If you do not mind the expense of the LARGER circle hooks, there are some tricks. 

My gripe with circles is you have to buy real big ones so that when rigged, the point will be available to hook up. Often the point will be obscured by the bait meat.

If you go to circles, you can use them on whole fish 2 hook rigs. 

If you can invest in some LARGE fluro, believe it or not, it can be very productive on sharks WITH CIRCLE HOOKS. you will get chafing as it slides the rig out to the corner of the mouth. 

I make a fluro rig a few feet longer than I prefer so I can trim it back after each shark catch.
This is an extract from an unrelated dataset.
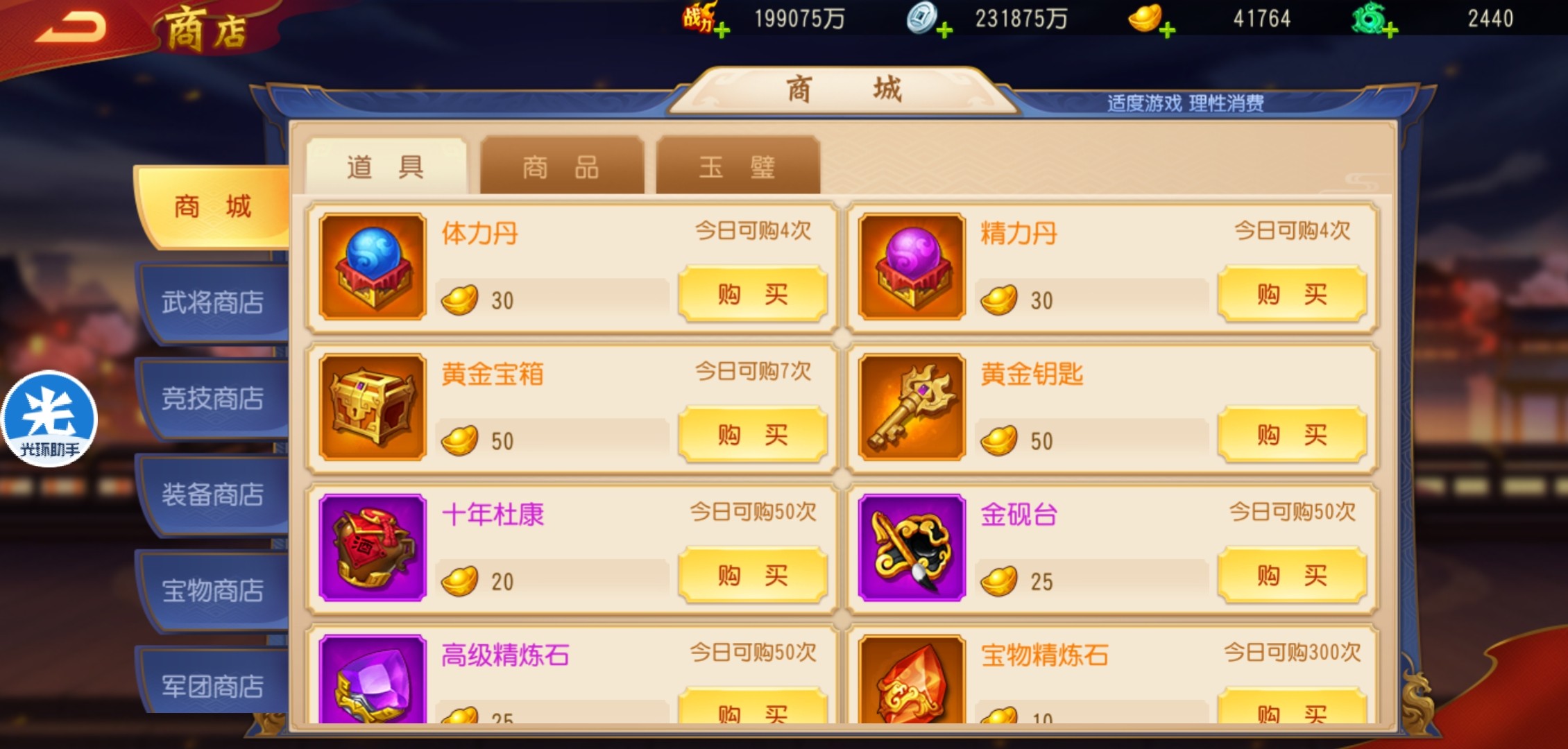 突破丹、杜康酒、刷新令、进阶石、精炼石这些资源都是溢出的,所以新手期时也可以减少元宝购买这些资源。

In the keys, I was introduced to live baiting for sharks using pinfish. My dad and his guide buddy were using coffee colored single strand on 15-20 pound gear. I was smokin; them on both bites as well as hook ups using 25-40 pound fluro.When the bite was real hot, I would get greedy and have caught 3 sharks without trimming off the chafe before it would finally fail.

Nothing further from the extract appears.